Wie notaris wil worden in Engeland of Wales, moet worden benoemd door de aartsbisschop van Canterbury. Dat is al sinds 1533 zo. Daarvoor deed deze het ook al, maar was het zelfs de Paus die zijn goedkeuring aan de benoeming gaf. Na de breuk van Engeland met Rome in 1533, bleef de aartsbisschop de benoemingen uitvoeren, maar dan in opdracht van de Kroon.
De aartsbisschoppelijke bevoegdheden wordt ontleend aan de jurisdictie die binnen één van de oudste rechtbanken van Engeland valt: the Court of Faculties, ondergebracht in Westminster Abbey in London. Deze rechtbank wordt voorgezeten door de Master of the Faculties, de oudste kerkelijke rechter die meestal ook raadsheer is aan het Hooggerechtshof.
Meestal is de notaris in Engeland en Wales een advocaat.

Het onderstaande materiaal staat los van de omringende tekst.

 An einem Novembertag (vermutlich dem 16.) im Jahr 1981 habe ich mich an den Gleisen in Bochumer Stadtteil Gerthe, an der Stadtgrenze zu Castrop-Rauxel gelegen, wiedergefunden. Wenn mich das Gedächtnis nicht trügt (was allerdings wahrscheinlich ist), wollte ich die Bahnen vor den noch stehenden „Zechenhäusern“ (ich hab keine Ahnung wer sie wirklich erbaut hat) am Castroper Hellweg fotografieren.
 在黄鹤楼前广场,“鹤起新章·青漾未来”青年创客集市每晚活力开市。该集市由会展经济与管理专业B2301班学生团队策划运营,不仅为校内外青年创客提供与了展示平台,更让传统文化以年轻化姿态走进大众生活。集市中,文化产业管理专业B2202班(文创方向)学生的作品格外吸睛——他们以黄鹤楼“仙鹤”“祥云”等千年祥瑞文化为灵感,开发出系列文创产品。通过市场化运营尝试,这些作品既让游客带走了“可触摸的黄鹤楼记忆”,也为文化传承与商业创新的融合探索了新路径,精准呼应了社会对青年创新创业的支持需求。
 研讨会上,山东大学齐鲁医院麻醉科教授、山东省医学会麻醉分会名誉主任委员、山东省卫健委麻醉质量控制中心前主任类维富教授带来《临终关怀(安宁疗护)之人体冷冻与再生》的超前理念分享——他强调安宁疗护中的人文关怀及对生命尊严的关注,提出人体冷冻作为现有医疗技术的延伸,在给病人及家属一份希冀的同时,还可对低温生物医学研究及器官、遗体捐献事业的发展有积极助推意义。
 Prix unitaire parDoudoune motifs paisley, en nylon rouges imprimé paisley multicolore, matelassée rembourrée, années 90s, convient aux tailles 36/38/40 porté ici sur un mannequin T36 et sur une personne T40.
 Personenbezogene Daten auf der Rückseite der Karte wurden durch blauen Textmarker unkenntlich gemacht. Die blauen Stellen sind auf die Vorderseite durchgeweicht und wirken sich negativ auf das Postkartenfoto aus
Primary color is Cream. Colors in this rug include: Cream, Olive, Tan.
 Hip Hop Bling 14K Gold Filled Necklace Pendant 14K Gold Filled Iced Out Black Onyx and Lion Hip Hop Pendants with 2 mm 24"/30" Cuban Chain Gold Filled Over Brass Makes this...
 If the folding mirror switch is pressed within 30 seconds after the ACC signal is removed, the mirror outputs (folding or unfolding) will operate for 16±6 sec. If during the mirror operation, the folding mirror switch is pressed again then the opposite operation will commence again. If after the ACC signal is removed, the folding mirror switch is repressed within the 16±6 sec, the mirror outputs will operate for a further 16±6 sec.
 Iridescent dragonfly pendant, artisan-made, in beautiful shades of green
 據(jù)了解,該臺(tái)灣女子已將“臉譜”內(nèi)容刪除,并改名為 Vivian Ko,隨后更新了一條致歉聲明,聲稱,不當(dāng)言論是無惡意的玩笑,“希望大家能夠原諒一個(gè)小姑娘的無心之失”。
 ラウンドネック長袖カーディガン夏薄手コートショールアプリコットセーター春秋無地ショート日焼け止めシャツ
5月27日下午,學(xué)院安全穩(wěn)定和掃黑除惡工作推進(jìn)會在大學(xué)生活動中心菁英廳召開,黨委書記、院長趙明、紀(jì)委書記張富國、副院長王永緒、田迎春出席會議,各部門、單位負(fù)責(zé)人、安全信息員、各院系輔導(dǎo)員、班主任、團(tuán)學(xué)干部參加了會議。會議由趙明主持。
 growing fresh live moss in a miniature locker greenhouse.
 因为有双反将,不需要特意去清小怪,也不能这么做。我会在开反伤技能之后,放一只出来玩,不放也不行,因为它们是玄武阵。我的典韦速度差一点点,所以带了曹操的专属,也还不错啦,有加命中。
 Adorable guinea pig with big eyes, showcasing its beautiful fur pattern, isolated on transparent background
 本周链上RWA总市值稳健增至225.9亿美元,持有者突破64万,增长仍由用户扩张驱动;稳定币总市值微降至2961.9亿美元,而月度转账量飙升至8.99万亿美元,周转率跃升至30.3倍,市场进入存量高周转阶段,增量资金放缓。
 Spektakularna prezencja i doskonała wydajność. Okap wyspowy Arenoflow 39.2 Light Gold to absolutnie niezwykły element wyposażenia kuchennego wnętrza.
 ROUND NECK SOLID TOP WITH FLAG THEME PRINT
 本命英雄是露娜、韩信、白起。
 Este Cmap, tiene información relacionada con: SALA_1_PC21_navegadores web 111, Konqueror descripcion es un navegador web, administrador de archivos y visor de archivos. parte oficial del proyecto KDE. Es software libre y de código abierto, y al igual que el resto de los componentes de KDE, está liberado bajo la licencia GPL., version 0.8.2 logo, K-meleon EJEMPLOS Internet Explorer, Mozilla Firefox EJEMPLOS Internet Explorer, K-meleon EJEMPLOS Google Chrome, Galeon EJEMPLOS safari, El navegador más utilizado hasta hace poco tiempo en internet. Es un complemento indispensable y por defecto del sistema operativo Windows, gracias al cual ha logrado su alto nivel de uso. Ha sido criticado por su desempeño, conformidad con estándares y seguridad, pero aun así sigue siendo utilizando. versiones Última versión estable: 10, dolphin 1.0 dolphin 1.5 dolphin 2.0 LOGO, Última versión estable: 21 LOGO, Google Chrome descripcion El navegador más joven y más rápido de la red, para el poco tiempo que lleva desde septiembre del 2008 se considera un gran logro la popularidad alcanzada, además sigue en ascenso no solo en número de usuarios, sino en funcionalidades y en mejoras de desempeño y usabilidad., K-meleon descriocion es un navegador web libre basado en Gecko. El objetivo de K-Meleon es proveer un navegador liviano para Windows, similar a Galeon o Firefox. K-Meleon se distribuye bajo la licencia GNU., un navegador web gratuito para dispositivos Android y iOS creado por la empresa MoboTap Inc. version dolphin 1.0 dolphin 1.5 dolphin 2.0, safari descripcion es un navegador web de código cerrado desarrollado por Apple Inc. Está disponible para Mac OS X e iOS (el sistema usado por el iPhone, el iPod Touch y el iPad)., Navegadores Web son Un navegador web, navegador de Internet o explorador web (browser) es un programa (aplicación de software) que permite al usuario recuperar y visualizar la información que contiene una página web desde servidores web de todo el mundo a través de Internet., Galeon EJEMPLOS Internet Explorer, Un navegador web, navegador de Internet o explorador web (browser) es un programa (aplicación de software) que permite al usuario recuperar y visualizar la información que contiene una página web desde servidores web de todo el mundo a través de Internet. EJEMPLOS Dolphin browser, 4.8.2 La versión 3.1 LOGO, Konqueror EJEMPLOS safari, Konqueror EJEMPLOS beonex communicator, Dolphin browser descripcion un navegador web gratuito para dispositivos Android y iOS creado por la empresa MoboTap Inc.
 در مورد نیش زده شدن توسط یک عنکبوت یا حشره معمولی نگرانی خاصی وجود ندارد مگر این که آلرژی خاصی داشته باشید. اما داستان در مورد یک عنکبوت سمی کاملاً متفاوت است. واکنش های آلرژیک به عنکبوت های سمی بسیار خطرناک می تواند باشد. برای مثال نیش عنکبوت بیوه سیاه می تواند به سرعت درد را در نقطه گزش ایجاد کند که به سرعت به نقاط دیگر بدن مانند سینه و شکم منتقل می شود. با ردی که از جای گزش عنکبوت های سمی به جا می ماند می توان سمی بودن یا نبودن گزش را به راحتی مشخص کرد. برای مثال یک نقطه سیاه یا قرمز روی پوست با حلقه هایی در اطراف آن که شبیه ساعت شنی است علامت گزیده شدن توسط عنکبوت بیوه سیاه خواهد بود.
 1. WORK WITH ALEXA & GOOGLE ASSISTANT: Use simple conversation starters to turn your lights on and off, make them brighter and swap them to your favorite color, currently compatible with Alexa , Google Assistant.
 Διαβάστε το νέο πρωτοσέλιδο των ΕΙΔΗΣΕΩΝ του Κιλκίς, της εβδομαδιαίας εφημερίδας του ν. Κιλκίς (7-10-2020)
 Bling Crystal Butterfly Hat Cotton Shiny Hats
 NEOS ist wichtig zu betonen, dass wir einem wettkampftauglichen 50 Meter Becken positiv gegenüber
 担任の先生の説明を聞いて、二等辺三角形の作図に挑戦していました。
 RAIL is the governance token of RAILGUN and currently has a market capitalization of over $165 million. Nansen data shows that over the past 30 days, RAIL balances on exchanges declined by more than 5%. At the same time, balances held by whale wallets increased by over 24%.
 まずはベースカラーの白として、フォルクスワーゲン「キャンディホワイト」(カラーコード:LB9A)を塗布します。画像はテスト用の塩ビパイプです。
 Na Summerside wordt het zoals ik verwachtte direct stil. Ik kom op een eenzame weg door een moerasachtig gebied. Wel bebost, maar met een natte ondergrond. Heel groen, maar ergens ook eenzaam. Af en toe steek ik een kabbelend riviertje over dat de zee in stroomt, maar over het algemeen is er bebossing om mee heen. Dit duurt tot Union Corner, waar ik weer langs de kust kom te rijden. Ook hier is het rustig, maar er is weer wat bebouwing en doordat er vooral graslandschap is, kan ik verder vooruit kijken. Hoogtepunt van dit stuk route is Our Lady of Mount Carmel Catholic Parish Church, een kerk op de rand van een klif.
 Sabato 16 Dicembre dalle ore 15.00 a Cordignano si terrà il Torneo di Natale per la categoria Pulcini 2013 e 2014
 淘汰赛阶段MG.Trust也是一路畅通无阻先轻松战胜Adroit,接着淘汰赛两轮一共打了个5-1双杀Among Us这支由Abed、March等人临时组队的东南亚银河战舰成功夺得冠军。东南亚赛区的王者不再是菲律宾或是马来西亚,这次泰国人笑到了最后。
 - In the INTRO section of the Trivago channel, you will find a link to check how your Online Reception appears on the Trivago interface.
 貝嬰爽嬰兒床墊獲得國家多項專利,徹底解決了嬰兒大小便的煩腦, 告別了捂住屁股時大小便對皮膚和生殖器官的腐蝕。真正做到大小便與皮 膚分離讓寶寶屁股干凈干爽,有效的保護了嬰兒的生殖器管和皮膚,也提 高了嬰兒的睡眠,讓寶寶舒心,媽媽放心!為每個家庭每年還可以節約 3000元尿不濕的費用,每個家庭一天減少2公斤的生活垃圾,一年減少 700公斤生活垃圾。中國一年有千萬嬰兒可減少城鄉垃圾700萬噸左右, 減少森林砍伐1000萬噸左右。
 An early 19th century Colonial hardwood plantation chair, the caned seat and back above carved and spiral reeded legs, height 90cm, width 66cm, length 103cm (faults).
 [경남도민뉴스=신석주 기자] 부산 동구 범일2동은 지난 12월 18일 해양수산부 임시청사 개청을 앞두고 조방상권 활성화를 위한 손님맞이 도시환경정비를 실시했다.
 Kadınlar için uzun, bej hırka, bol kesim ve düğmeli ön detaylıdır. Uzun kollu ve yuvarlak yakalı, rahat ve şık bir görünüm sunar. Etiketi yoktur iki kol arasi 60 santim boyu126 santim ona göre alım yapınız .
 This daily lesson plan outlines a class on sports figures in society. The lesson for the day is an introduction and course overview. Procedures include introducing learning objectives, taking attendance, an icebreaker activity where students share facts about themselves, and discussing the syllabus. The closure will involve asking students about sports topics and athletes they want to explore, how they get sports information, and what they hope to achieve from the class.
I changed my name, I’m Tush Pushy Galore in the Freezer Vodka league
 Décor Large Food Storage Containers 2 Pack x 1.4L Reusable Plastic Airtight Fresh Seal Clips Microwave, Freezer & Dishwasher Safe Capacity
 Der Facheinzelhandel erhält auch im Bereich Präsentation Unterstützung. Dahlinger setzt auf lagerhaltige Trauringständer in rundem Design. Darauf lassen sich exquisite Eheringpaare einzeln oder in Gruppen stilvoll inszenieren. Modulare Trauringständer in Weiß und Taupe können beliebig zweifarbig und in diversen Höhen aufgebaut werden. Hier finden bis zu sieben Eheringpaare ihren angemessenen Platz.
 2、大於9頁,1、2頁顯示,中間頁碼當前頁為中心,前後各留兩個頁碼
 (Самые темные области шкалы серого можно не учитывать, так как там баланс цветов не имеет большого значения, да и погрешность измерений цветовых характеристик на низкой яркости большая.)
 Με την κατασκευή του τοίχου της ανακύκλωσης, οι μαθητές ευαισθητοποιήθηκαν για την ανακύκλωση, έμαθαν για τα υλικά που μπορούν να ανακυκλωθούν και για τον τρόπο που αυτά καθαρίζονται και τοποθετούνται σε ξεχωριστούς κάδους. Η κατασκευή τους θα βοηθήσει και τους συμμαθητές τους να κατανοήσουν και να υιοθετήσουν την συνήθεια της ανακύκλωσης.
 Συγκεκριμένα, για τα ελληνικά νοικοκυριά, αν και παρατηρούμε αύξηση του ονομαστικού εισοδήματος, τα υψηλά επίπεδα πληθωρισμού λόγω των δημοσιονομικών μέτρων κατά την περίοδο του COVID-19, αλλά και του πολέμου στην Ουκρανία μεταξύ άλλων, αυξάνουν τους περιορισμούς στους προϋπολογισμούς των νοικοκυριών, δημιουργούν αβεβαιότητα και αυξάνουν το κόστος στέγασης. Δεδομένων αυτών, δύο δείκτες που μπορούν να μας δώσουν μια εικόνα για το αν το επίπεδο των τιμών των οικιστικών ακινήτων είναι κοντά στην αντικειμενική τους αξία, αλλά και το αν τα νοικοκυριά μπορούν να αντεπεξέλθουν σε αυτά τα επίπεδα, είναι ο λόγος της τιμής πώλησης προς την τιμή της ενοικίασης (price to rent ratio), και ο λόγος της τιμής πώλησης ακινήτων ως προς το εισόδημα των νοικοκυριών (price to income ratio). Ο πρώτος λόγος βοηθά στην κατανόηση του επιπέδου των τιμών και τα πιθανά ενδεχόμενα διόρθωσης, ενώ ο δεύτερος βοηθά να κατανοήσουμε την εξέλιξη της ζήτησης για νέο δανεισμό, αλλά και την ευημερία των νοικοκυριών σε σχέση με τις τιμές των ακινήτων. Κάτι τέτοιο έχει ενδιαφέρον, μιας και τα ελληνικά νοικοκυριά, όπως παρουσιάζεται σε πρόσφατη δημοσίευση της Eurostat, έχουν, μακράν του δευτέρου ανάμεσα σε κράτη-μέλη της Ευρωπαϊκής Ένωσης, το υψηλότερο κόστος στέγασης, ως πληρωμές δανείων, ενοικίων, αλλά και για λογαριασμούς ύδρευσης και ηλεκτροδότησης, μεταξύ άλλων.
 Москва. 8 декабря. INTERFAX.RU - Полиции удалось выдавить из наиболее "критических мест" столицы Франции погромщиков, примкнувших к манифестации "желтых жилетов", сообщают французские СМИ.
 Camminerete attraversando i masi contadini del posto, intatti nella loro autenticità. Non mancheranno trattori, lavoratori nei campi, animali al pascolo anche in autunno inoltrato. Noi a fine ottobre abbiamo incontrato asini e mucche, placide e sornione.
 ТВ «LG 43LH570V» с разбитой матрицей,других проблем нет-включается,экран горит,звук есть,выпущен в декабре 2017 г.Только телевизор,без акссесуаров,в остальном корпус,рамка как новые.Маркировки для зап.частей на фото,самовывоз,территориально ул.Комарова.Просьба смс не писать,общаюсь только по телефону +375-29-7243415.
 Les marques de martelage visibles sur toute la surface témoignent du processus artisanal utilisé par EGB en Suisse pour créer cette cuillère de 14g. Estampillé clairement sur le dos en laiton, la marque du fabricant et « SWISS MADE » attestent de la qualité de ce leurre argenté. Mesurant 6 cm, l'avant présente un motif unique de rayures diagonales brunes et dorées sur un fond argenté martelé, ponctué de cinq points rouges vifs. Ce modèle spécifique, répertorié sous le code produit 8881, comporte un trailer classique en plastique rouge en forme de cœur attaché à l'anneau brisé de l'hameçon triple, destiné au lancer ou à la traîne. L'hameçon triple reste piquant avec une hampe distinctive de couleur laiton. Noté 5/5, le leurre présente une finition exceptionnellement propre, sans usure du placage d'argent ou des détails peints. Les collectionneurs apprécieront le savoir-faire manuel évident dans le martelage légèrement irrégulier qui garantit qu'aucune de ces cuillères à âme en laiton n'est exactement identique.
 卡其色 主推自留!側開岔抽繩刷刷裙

Of beter gezegd: een sollicitor of barrister. Zo mogen de notarissen ook grensoverschrijdende zaken behandelen. Er zijn er zo’n duizend actief in Engeland en Wales. Ze mogen optreden als advocaat in alle juridische zaken behalve litigation.
Van de duizend notarissen zijn er 800 lid van de Engelse KNB, de Notaries Society. Die 200 vrije notarissen zijn meestal degenen die werkzaam zijn bij grote kantoren. Het notarisvak is het oudste juridische beroep in Engeland.